2023年度の最低賃金の目安が前年度より41円上昇、全国平均で時給1002円となることが決まったことを受けて、これに対応して「賃上げを行う」企業が70.6%にのぼることが、帝国データバンクの調査でわかった。2023年8月9日の発表。
今年度の最低賃金は物価高への対応などが重視され、現在の961円から41円(前年度は31円)上昇。上げ幅は過去最大で、初めて1000円を超えた。
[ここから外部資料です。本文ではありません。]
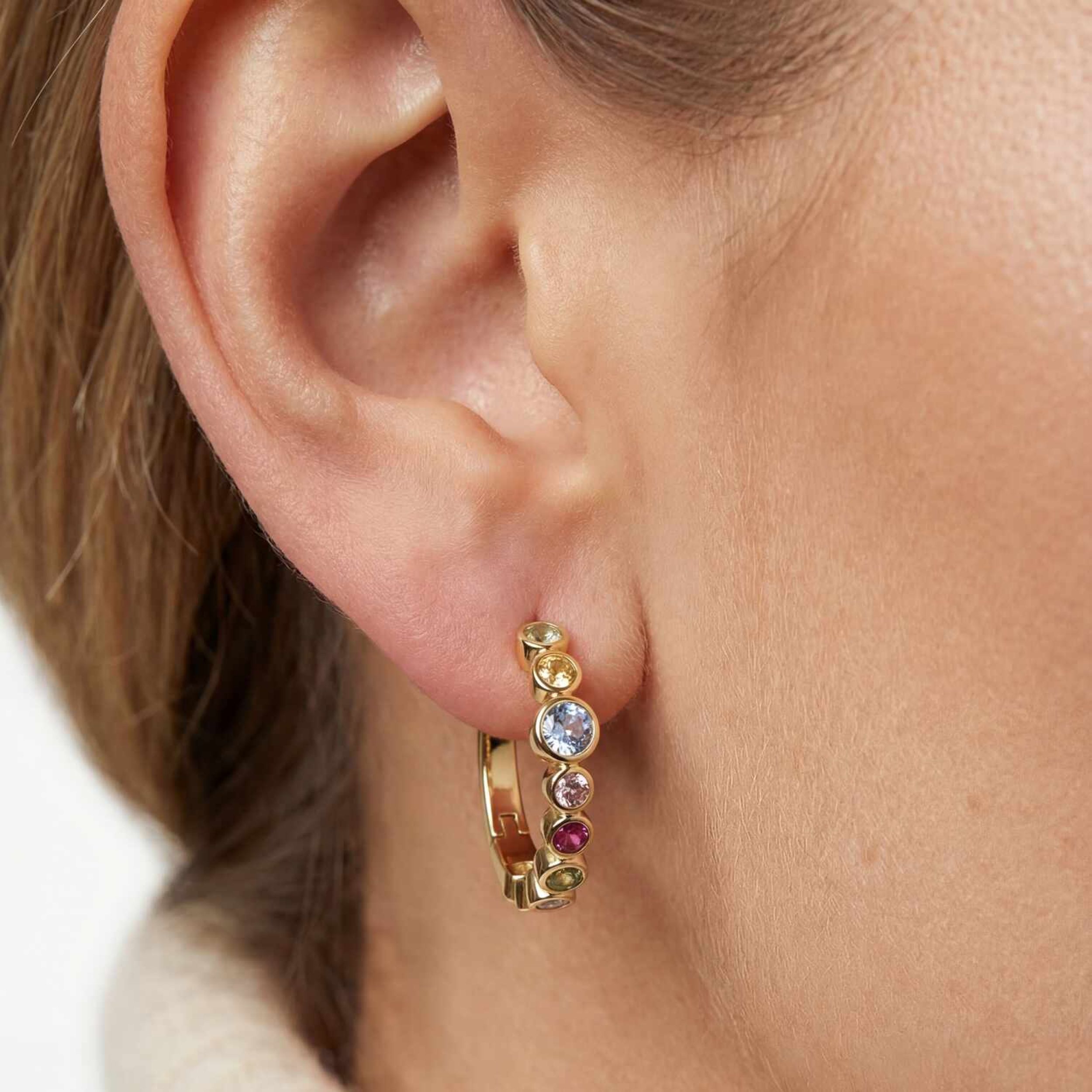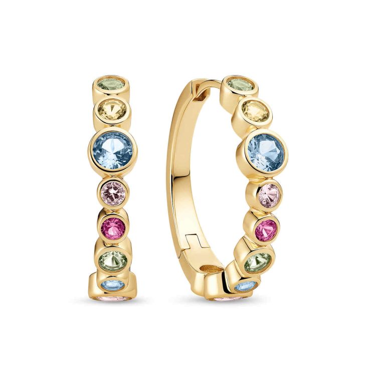Oorbellen gemaakt van 18 karaats verguld geplateerd 925 sterling zilver, met een gepolijst oppervlak en een handset met facetgesneden meerkleurig zirkonia.

伸び率も4.3%(同3.3%)と高い水準になった。今後は各都道府県の地方最低賃金審議会がそれぞれの地域の実額を決めていき、10月ごろから適用がはじまる見込みとなっている。
物価高に対応、最低賃金は右肩上がり
調査によると、2023年度の最低賃金の引き上げを受けて、自社の対応有無を聞いたところ、なんらか「対応する」企業は83.2%と8割を超え、「対応しない」の10.4%を大きく上回った。
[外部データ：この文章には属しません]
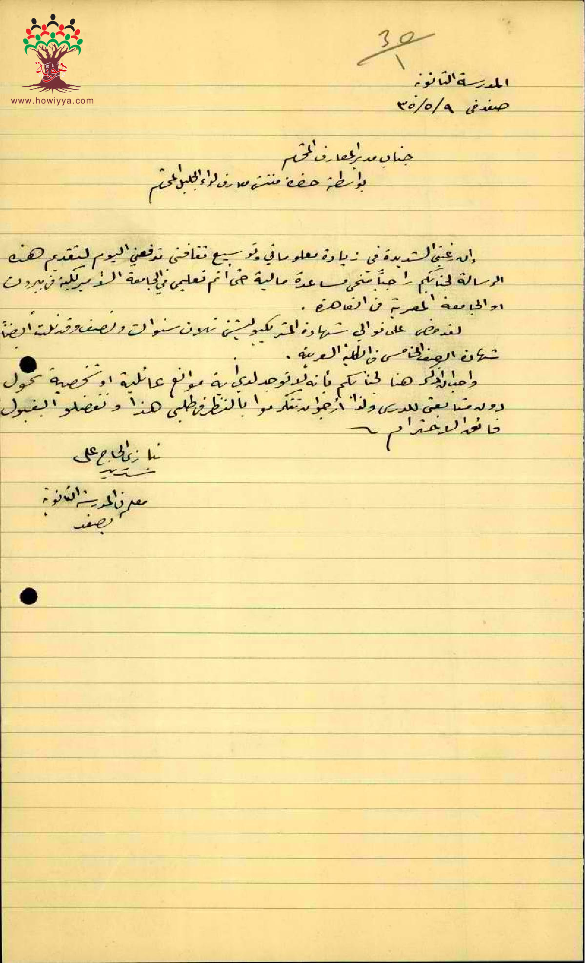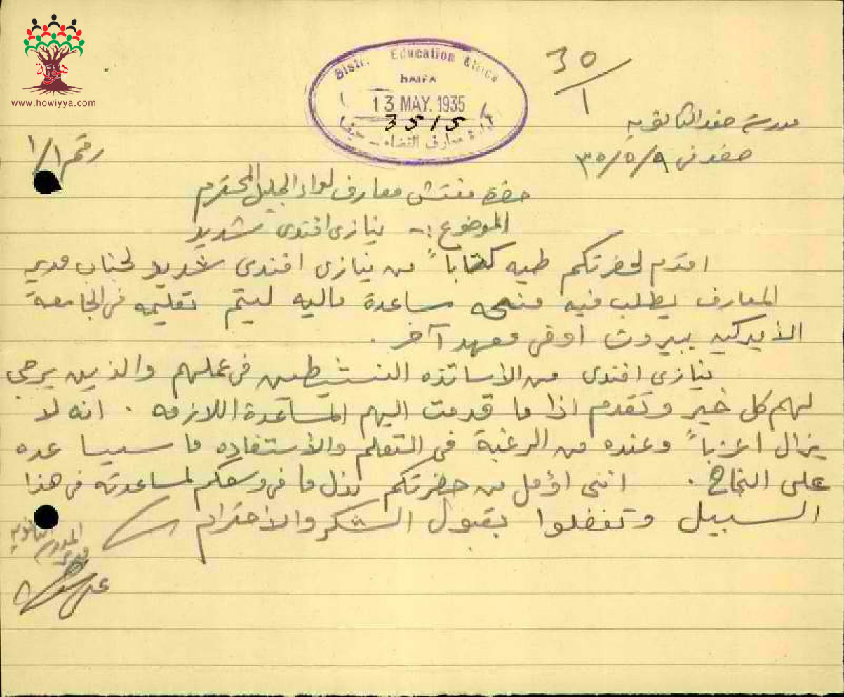 رسالة من مدير مدرسة صفد الى مفتش المعارف مرفقة برسالة من المعلم نيازي شديد يطلب فيها مساعدة مالية ليتم دراسته في الجامعة الأميركية في بيروت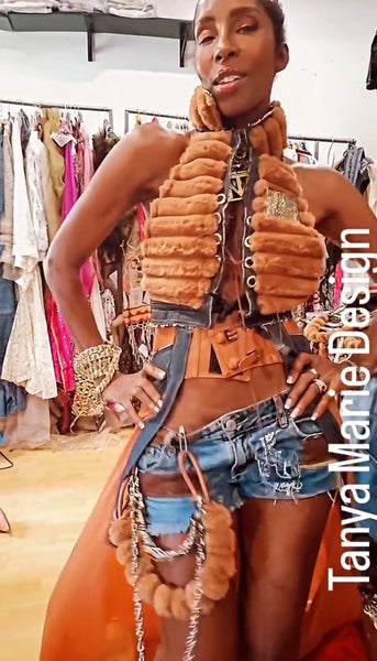 Turn heads effortlessly in the TM Fur/Denim 2pc set, featuring a stylish attachable chain that adds a bold, edgy touch. This playful duo blends cozy fur with classic denim for a look that's both fun and fashion-forward—perfect for standing out wherever you go.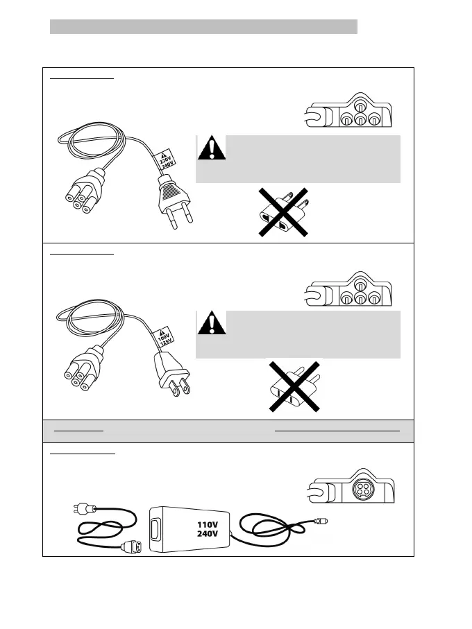 Ne jamais brancher le câble 220-240 V sur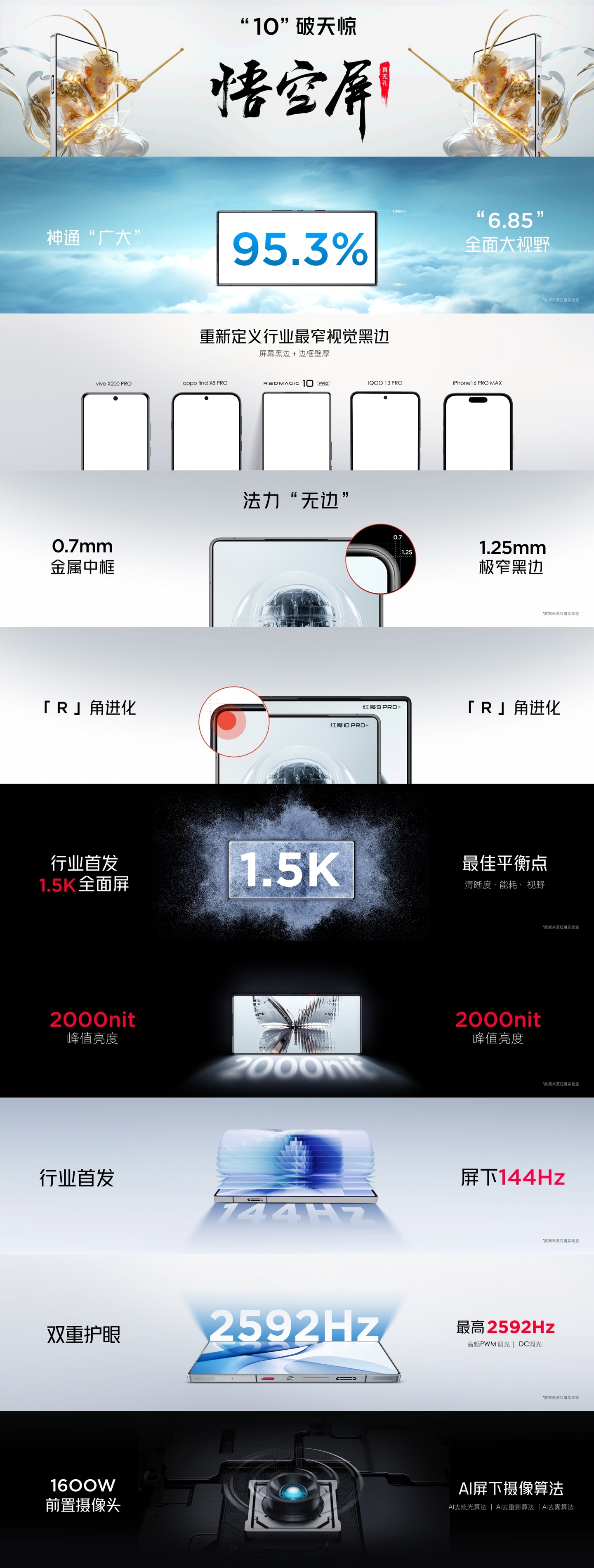IT之家 11 月 13 日消息,红魔 10 Pro 系列手机今日正式发布,该机配备 6.85 英寸、95.3% 屏占比“悟空屏”,拥有 1.25mm 窄黑边 + 0.7mm 窄边框壁厚。另外,红魔 10 Pro 系列手机还首发 1.5K 全面屏、支持 144Hz 高刷、峰值亮度 2000nit。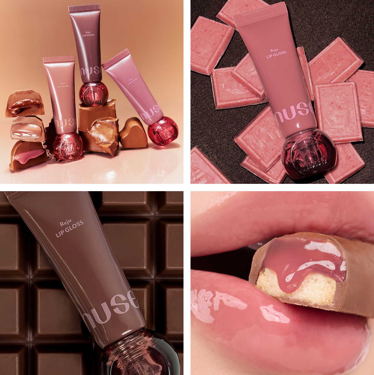 クリエイティヴのかわいさから人気が高くなっているnuse(ヌズ)のReju LIP GLOSS。甘くておいしそうなシロップのようなグロスで、PDRNも配合の優秀な1本。チョコグロスは3色展開で、水分の入った粒々をなじませるだけでケア効果も!

具体的な対応策を聞く(複数回答)と、「もともと最低賃金よりも高いが、賃上げを行う」と答えた企業は46.5%が最も高かった。次いで「最低賃金よりも低くなるため、賃上げを行う」が25.0%で続き、最低賃金の引き上げを受けて「賃上げ」を行う企業は70.6%と、7割に達した。
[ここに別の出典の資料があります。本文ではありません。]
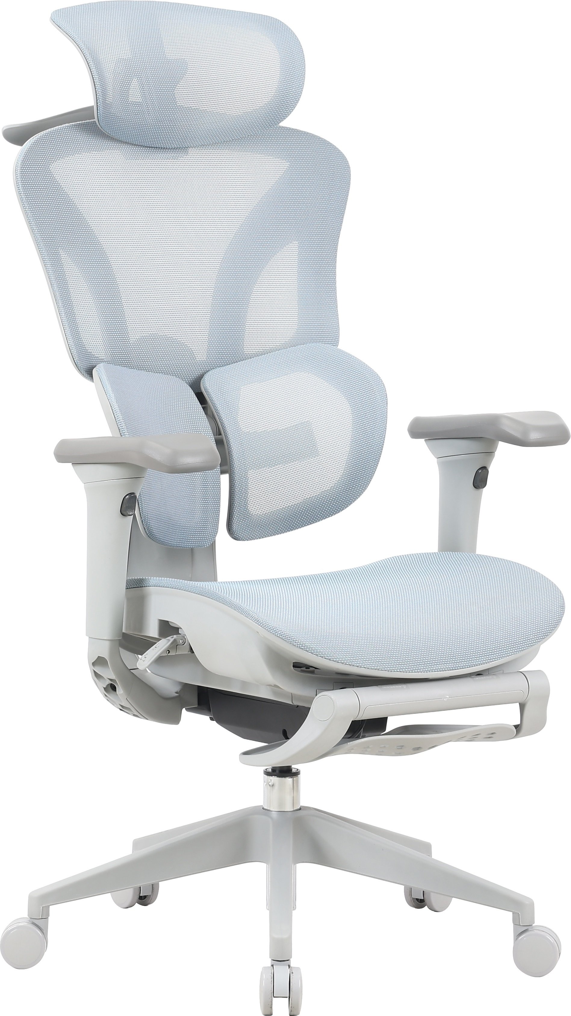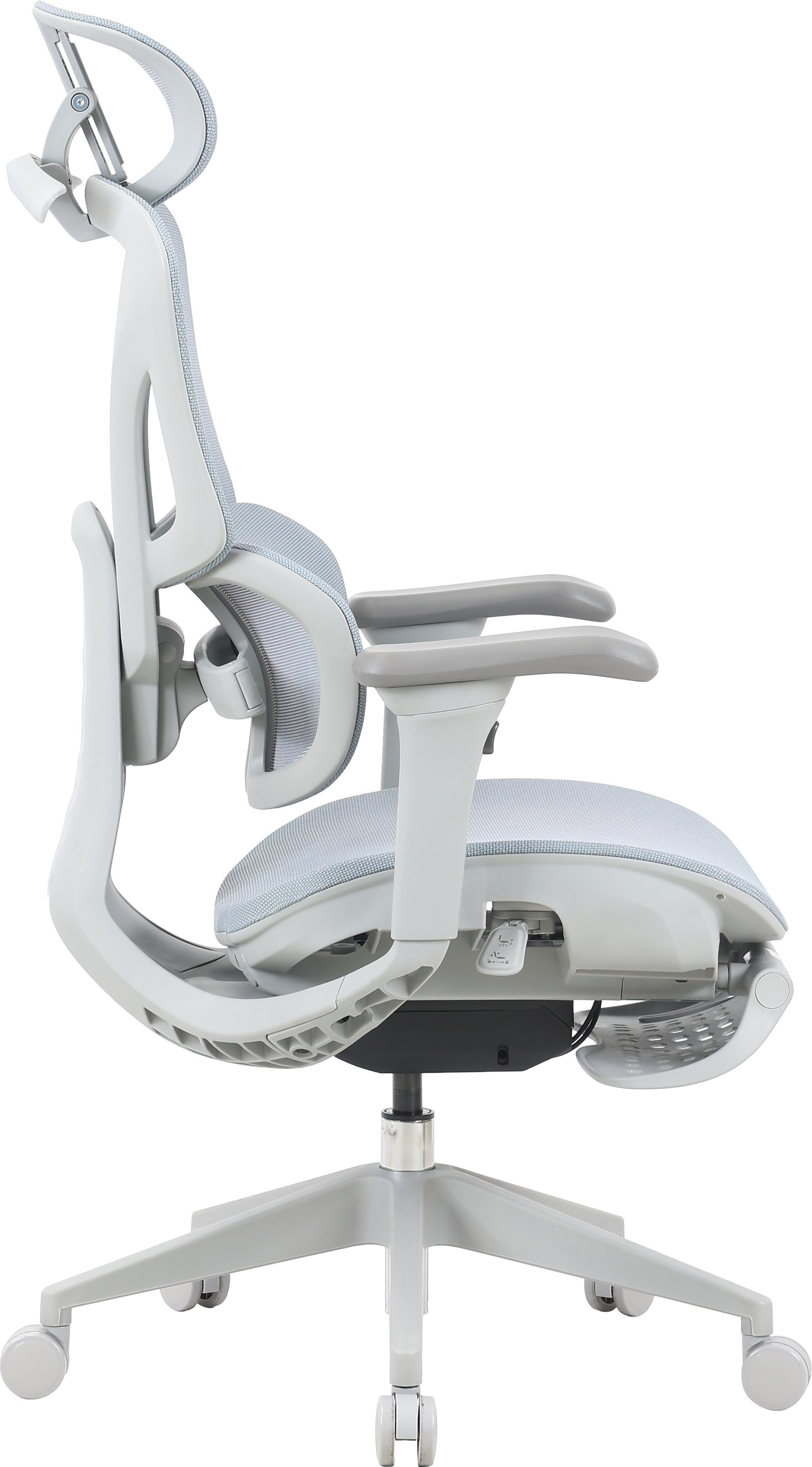 Динамічна поперекова підтримка запобігає перенапруженню спини під час тривалого сидіння, а регулювання спинки по висоті адаптує крісло до індивідуального зросту. 4D-підлокітники з м’яким поліуретановим покриттям регулюються в чотирьох напрямках: по висоті, вперед-назад, горизонтально та всередину-назовні. Регульований підголівник забезпечує додатковий комфорт, адаптуючись до особистих уподобань.

賃上げの有無にかかわらず、「従業員のスキル向上の強化」(24.0%)と「商品やサービスの値上げ」(21.3%)が2割台で並び、「人件費以外のコスト削減」(19.0%)が続いた。【図1参照】
企業に賃上げの理由を聞いたところ、
「今まで就業している人はすでに今回の最低賃金を超えているが、新しく採用する人との差がなくなるので引き上げざるを得ず、負担が増える」(化学品製造)
と在籍中の従業員の待遇改善や、
「有能な人材へは最低賃金を大きく超える対応をしており、これからも同様の対応をする」(飲食店)
といった人材確保を目的とする声があがった。その一方で、
「最低賃金が上がっても130万円の『年収の壁』があるので、パートさんの働く時間が減るだけ」(運輸・倉庫)
と「年収の壁」問題もあがった。このほか、
「パート従業員の時給はほとんどが1000円以下なので改定されれば上げざるを得ないが、物価高・コスト高で利幅が取りにくいなか、さらなる追い討ちをかけられるようなもの」(飲食料品・飼料製造)
と、物価高を背景とした厳しい実情も聞かれた。